DESCRIPTION OF THE TASK ▸ Nothing outside the range below should be printed. Output exactly the lines from the line with "時間 10:0017:00 入場無料" to the line with "사이트에 접속해보면 사설 SSL인증서를 사용했기에 아래 처럼 발생할 겁니다.", both included.

LISTED ENTRIES ▸
:::::
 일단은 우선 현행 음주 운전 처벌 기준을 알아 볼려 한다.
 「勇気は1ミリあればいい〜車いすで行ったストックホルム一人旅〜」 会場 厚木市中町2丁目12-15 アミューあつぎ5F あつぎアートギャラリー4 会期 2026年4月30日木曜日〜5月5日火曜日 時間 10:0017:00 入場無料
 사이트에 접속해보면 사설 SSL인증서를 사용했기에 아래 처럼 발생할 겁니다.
:::::
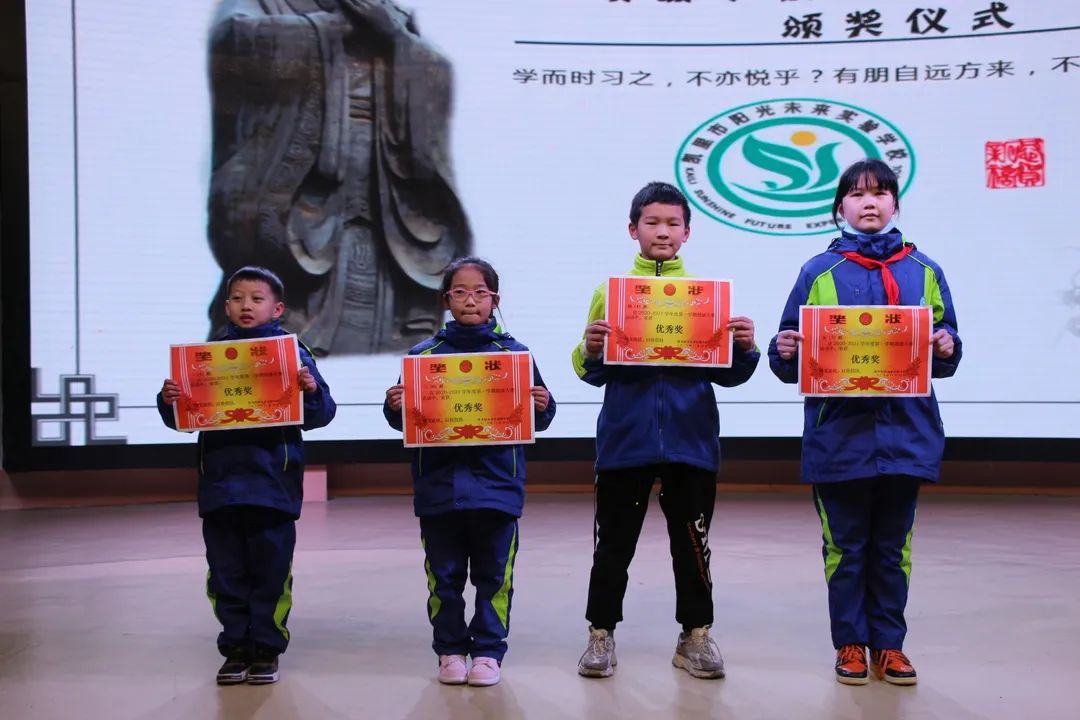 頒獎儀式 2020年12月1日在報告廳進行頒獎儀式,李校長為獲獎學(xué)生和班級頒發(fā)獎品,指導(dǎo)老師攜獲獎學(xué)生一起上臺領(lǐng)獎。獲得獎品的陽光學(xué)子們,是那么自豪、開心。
:::::
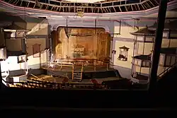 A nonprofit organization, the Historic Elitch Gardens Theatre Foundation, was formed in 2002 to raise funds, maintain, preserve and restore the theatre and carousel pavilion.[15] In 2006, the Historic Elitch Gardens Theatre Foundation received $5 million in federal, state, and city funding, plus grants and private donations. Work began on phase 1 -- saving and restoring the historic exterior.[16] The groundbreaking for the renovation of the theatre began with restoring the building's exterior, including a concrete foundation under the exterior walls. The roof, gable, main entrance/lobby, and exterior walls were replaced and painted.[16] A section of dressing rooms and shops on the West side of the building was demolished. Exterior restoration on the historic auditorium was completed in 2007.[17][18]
:::::
THE ANSWER ▸
 「勇気は1ミリあればいい〜車いすで行ったストックホルム一人旅〜」 会場 厚木市中町2丁目12-15 アミューあつぎ5F あつぎアートギャラリー4 会期 2026年4月30日木曜日〜5月5日火曜日 時間 10:0017:00 入場無料
 사이트에 접속해보면 사설 SSL인증서를 사용했기에 아래 처럼 발생할 겁니다.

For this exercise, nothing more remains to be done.